Exercise requirements:
Could you give back the records exactly, taking out the pictures?

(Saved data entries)
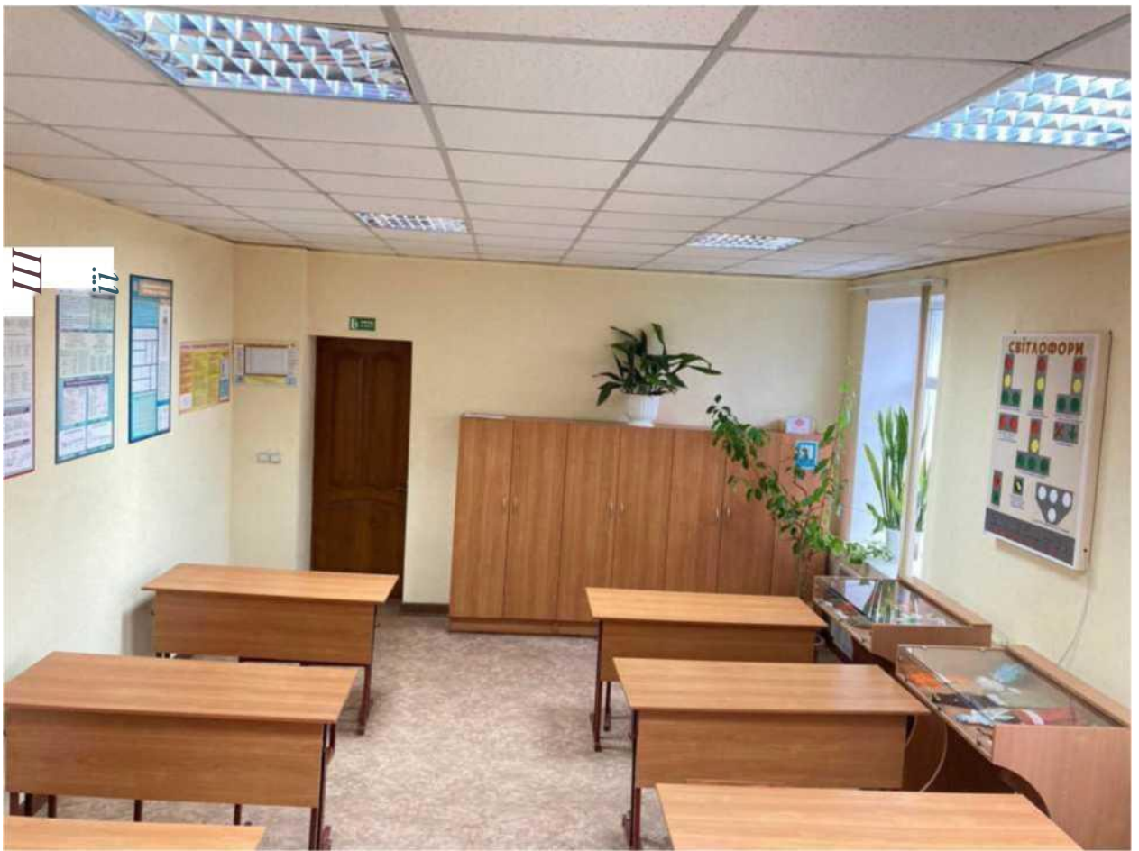
кабінет охорони праці
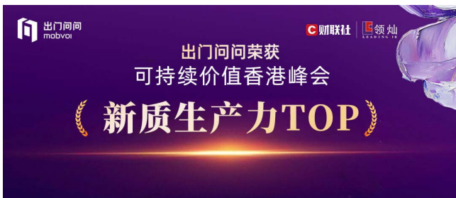
「新質生產力TOP」 (財聯社)
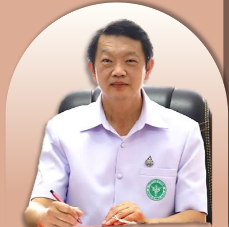
นพ.ชวัญชัย วิกิษฐานนท์ รองอธิบดี
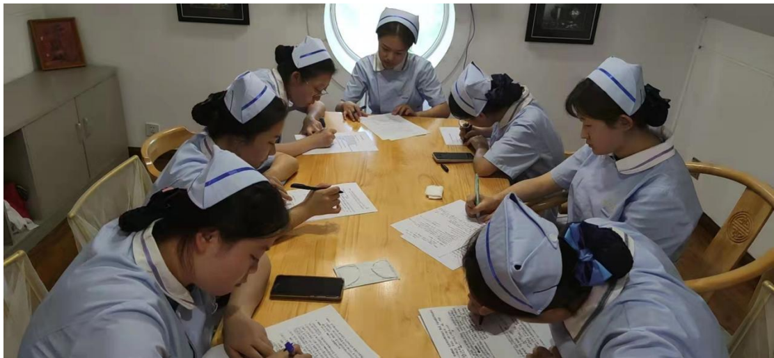
图 2-22 技能考核
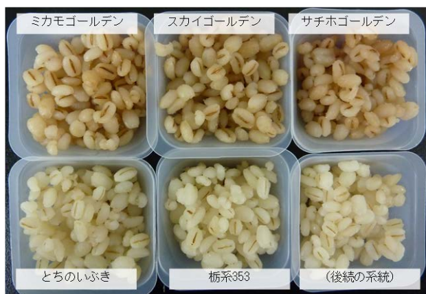
図-1 「栃系 353」の炊飯麦の褐変化の様子 (炊飯 12 時間後)
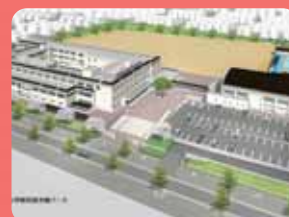
平成26年春にエコスクール型小学校が開校予定

平成24年5月1日、「農(みのり)のまちづくり」をテーマとする学研木津中央地区「城山台」がまちびらきました。今後、新たに小学校や公園なども整備されることから、城山台から木津川市全体のさらなる発展に向けての飛躍が期待されます。
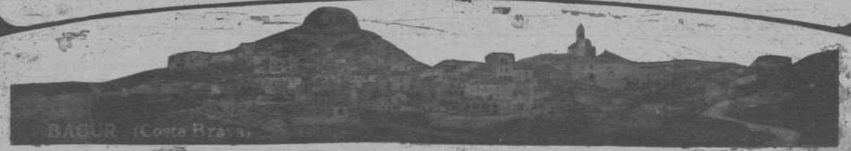
BAGUR (Costa Brava)

ENTRADA: Pasaje de la Merced, núm. 8 Teléfono 31518
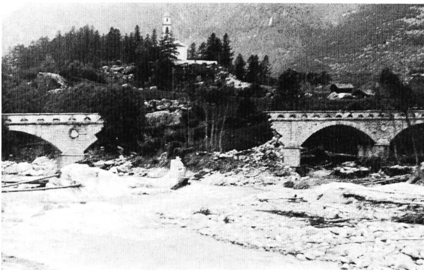
Bild 1. Zerstörte Strassenbrücke über die Maira unterhalb Stampa, 1927.

Die in der Folge des 1927er Hochwassers in den Jahren 1930/32 an der Sperrstelle der heutigen Albigna-Mauer er-
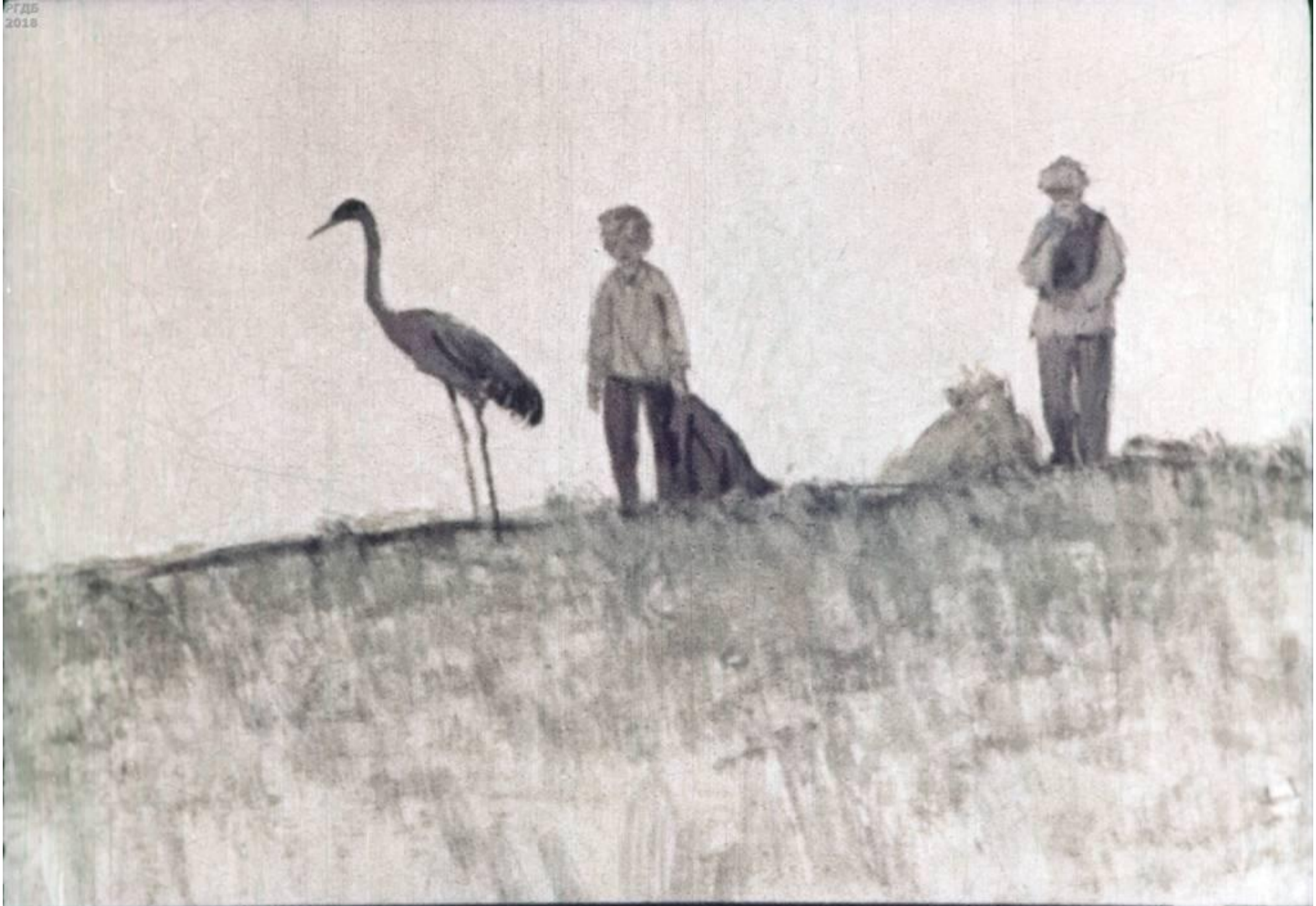
Сначала журавль стоял неподвижно,
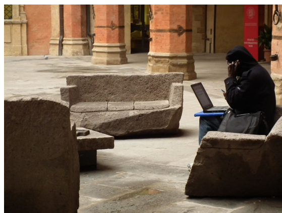
Accessibilité du web pour tous et couverture en wifi intégrale

L'intérêt transversal des TIC (télémédecine, formation à distance, attractivité des territoires, E-gouvernance) était bien représenté dans la délégation qui a veillé à être représentative de l'Auvergne. Le groupe se composait de techniciens de collectivités, d'élus, d'agricultrices, d'associations, d'un médecin et d'une enseignante universitaire.
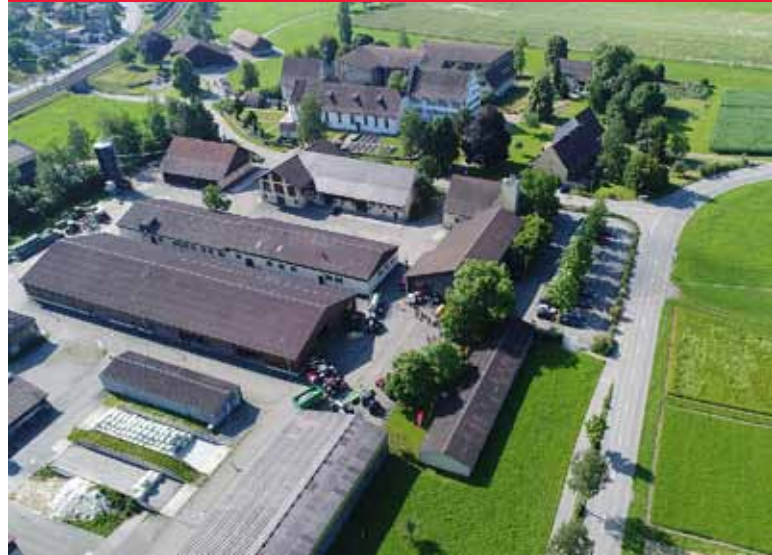
Die Swiss Future Farm in Tänikon (CH).

Nach jedem Arbeitsgang und sobald ein Auftrag abgeschlossen ist, werden die Daten via Task Doc vom Traktor an das FMIS zurückgesendet. Die manuelle Dokumentation fällt weg und der Betriebsleiter verfügt immer über aktuelle Daten, die er wiederverwenden kann. Denn nächste Jahr kommt bestimmt! •
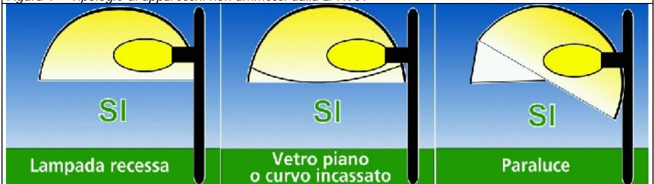
Figura 2 – Tipologie di apparecchi conformi alla legge n. 17/09

L' Intensità luminosa ( I ) esprime la quantità di luce che è emessa da una sorgente (flusso luminoso) in una determinata direzione (angolo \gamma ). Essendo una grandezza di tipo vettoriale per esprimerla correttamente non basta indicare la quantità di luce ma occorre specificare la direzione ad essa associata. Per permettere i necessari confronti viene “normalizzata” per 1000 lumen. L'unità di misura è la candela (cd).
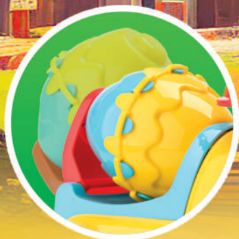
A BETONEIRA SOBE E DESCE, E GIRA!

CONSTRUA SONHOS E EXPLORE NOVOS CAMINHOS DESCOBRINDO O MUNDO DA CONSTRUÇÃO COM MUITA CRIATIVIDADE!
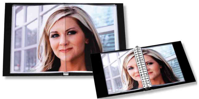
Vorteil: Blättern wie in einem Buch!
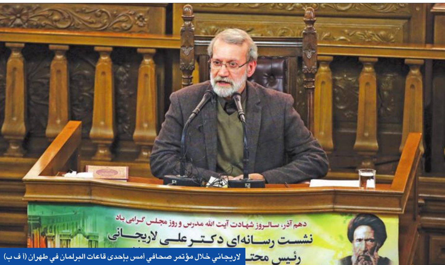
دعم آذر، سالروز شهادت آيت الله مدرس وروز مجلس كرامى باد نشست رسانه‌اي دكتر علي لاريجاني رئيس محتب لاريجاني خلال مؤتمر صحافي أمس بإحدى قاعات البرلمان في طهران

وقال كدخدائي «لا نعتبر أنفسنا بمنى عن الانتقادات، علينا القبول بأنه تم ارتكاب أخطاء في الماضي». وأضاف: «لكننا نحاول في الانتخابات
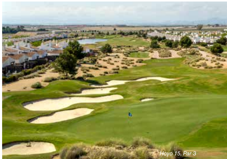
Hoyo 15, Par 3

La ACADEMIA GNK Golf está presente en los cinco de los seis campos, y son de referencia a nivel regional y nacional. Se caracterizan por ofrecer un amplio abanico de productos de enseñanza de golf de la mano de profesores experimentados. Todos los campos cuentan con amplias aéreas para la práctica y la enseñanza del golf: greens de prácticas, zonas de juego corto y amplios driving range para practicar los golpes largos. Para clases en la academia de GNK Golf se requiere cita previa con sus profesionales.
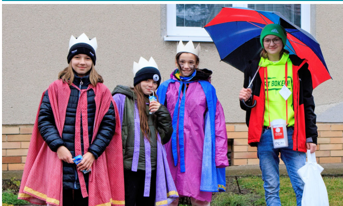
Počasi letos Tříkrálové sbírce neprálo, přšelo a foukal ledový vítr. Přesto se díky dobrovolníkům uskutečnila.
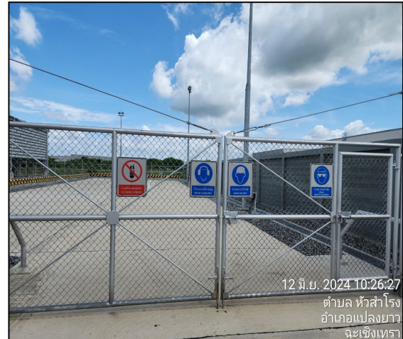
ป้ายเตือนความปลอดภัย
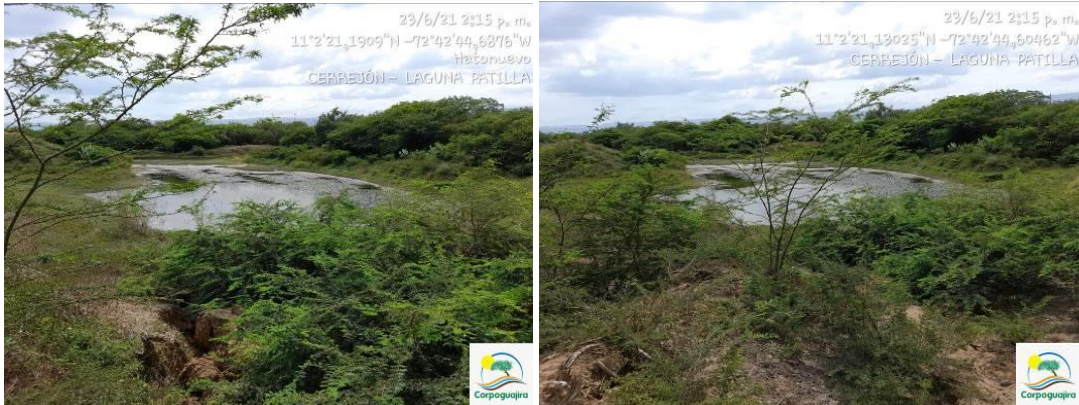
Fotografías No. 1 y 2. Estado de la Laguna Patilla. CARBONES DEL CERREJON LIMITED – CERREJON. COMPLEJO MINA. 23 de junio del 2021. (Fuente: Corpoguajira).

Se puede apreciar una laguna sedimentada en la que CERREJÓN no ha iniciado las labores de adecuación de dicha laguna, la capacidad que manifiesta el permiso de vertimiento, no corresponde la capacidad actual de la laguna, y de acuerdo con las condiciones para las cuales se otorgó dicho permiso, también carece de las condiciones adecuadas y planteadas en el precitado permiso. Se observa vegetación aledaña, producto de regeneración natural por dispersión de las áreas que están cerca, correspondientes a cobertura natural, lo cual le permite dispersar especies hacía áreas despejadas. Las especies arbóreas que rodean la laguna permite la llegada de la avifauna ofreciendo sitios de hábitat y refugio sobre los rapaces que también llegan atraídos por reptiles, lagartos y aves acuáticas o mamíferos pequeños que lleguen a pastar como liebres. Hasta el momento no se observa especies invasoras.
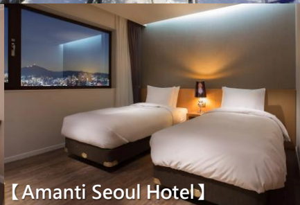
【Amanti Seoul Hotel】
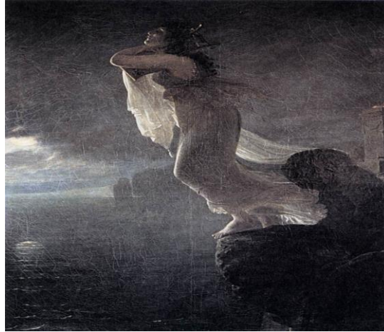
Resim 10: Antoine-Jean Gros “ Sappho at Leucate”, Tuval üzerine yağlıboya,122x100cm

Gros, Fransız neoklasik akımının öncü isimlerinden olan David'in öğrenciliğini yapmış, Arcola Savaşına tanıklık ederek ve savaş sahnelerinden esinlenerek, Fransız komutan, Napolyon Bonaparte'nin portresini resmetmiştir. Ressam, aynı zamanda Napolyon ordusuyla savaflara iştirak ederek çok sayıda savaş resimlerini yapmış ve söz konusu resimlerinde romantik eğilimler içeren güçlü figürler çizmiştir. Gross, aşağıdaki resminde de görüleceği üzere realist akımın tersine romantik tematiğini tuvallerine yansıtmaya çalışmıştır. Söz konusu resim 10'da Gros, romantik resmin en güzel ve ilk örneklerinden birini verir. Resimde Sappho karakterindeki kadın figürünün, üzerindeki şeffaf elbisesiyle arkasında kurban bir sunak bırakarak parıldayan ay ışına uzanmak istercesine iki dünya arasındaki gelgiti yansıtmaya çalıştığı söylenebilir.

Reply to the task:
кабінет охорони праці
「新質生產力TOP」 (財聯社)
นพ.ชวัญชัย วิกิษฐานนท์ รองอธิบดี
图 2-22 技能考核
図-1 「栃系 353」の炊飯麦の褐変化の様子 (炊飯 12 時間後)
平成26年春にエコスクール型小学校が開校予定

平成24年5月1日、「農(みのり)のまちづくり」をテーマとする学研木津中央地区「城山台」がまちびらきました。今後、新たに小学校や公園なども整備されることから、城山台から木津川市全体のさらなる発展に向けての飛躍が期待されます。
BAGUR (Costa Brava)

ENTRADA: Pasaje de la Merced, núm. 8 Teléfono 31518
Bild 1. Zerstörte Strassenbrücke über die Maira unterhalb Stampa, 1927.

Die in der Folge des 1927er Hochwassers in den Jahren 1930/32 an der Sperrstelle der heutigen Albigna-Mauer er-
Сначала журавль стоял неподвижно,
Accessibilité du web pour tous et couverture en wifi intégrale

L'intérêt transversal des TIC (télémédecine, formation à distance, attractivité des territoires, E-gouvernance) était bien représenté dans la délégation qui a veillé à être représentative de l'Auvergne. Le groupe se composait de techniciens de collectivités, d'élus, d'agricultrices, d'associations, d'un médecin et d'une enseignante universitaire.
Die Swiss Future Farm in Tänikon (CH).

Nach jedem Arbeitsgang und sobald ein Auftrag abgeschlossen ist, werden die Daten via Task Doc vom Traktor an das FMIS zurückgesendet. Die manuelle Dokumentation fällt weg und der Betriebsleiter verfügt immer über aktuelle Daten, die er wiederverwenden kann. Denn nächste Jahr kommt bestimmt! •
Figura 2 – Tipologie di apparecchi conformi alla legge n. 17/09

L' Intensità luminosa ( I ) esprime la quantità di luce che è emessa da una sorgente (flusso luminoso) in una determinata direzione (angolo \gamma ). Essendo una grandezza di tipo vettoriale per esprimerla correttamente non basta indicare la quantità di luce ma occorre specificare la direzione ad essa associata. Per permettere i necessari confronti viene “normalizzata” per 1000 lumen. L'unità di misura è la candela (cd).
A BETONEIRA SOBE E DESCE, E GIRA!

CONSTRUA SONHOS E EXPLORE NOVOS CAMINHOS DESCOBRINDO O MUNDO DA CONSTRUÇÃO COM MUITA CRIATIVIDADE!
Vorteil: Blättern wie in einem Buch!
دعم آذر، سالروز شهادت آيت الله مدرس وروز مجلس كرامى باد نشست رسانه‌اي دكتر علي لاريجاني رئيس محتب لاريجاني خلال مؤتمر صحافي أمس بإحدى قاعات البرلمان في طهران

وقال كدخدائي «لا نعتبر أنفسنا بمنى عن الانتقادات، علينا القبول بأنه تم ارتكاب أخطاء في الماضي». وأضاف: «لكننا نحاول في الانتخابات
Hoyo 15, Par 3

La ACADEMIA GNK Golf está presente en los cinco de los seis campos, y son de referencia a nivel regional y nacional. Se caracterizan por ofrecer un amplio abanico de productos de enseñanza de golf de la mano de profesores experimentados. Todos los campos cuentan con amplias aéreas para la práctica y la enseñanza del golf: greens de prácticas, zonas de juego corto y amplios driving range para practicar los golpes largos. Para clases en la academia de GNK Golf se requiere cita previa con sus profesionales.
Počasi letos Tříkrálové sbírce neprálo, přšelo a foukal ledový vítr. Přesto se díky dobrovolníkům uskutečnila.
ป้ายเตือนความปลอดภัย
Fotografías No. 1 y 2. Estado de la Laguna Patilla. CARBONES DEL CERREJON LIMITED – CERREJON. COMPLEJO MINA. 23 de junio del 2021. (Fuente: Corpoguajira).

Se puede apreciar una laguna sedimentada en la que CERREJÓN no ha iniciado las labores de adecuación de dicha laguna, la capacidad que manifiesta el permiso de vertimiento, no corresponde la capacidad actual de la laguna, y de acuerdo con las condiciones para las cuales se otorgó dicho permiso, también carece de las condiciones adecuadas y planteadas en el precitado permiso. Se observa vegetación aledaña, producto de regeneración natural por dispersión de las áreas que están cerca, correspondientes a cobertura natural, lo cual le permite dispersar especies hacía áreas despejadas. Las especies arbóreas que rodean la laguna permite la llegada de la avifauna ofreciendo sitios de hábitat y refugio sobre los rapaces que también llegan atraídos por reptiles, lagartos y aves acuáticas o mamíferos pequeños que lleguen a pastar como liebres. Hasta el momento no se observa especies invasoras.
【Amanti Seoul Hotel】
Resim 10: Antoine-Jean Gros “ Sappho at Leucate”, Tuval üzerine yağlıboya,122x100cm

Gros, Fransız neoklasik akımının öncü isimlerinden olan David'in öğrenciliğini yapmış, Arcola Savaşına tanıklık ederek ve savaş sahnelerinden esinlenerek, Fransız komutan, Napolyon Bonaparte'nin portresini resmetmiştir. Ressam, aynı zamanda Napolyon ordusuyla savaflara iştirak ederek çok sayıda savaş resimlerini yapmış ve söz konusu resimlerinde romantik eğilimler içeren güçlü figürler çizmiştir. Gross, aşağıdaki resminde de görüleceği üzere realist akımın tersine romantik tematiğini tuvallerine yansıtmaya çalışmıştır. Söz konusu resim 10'da Gros, romantik resmin en güzel ve ilk örneklerinden birini verir. Resimde Sappho karakterindeki kadın figürünün, üzerindeki şeffaf elbisesiyle arkasında kurban bir sunak bırakarak parıldayan ay ışına uzanmak istercesine iki dünya arasındaki gelgiti yansıtmaya çalıştığı söylenebilir.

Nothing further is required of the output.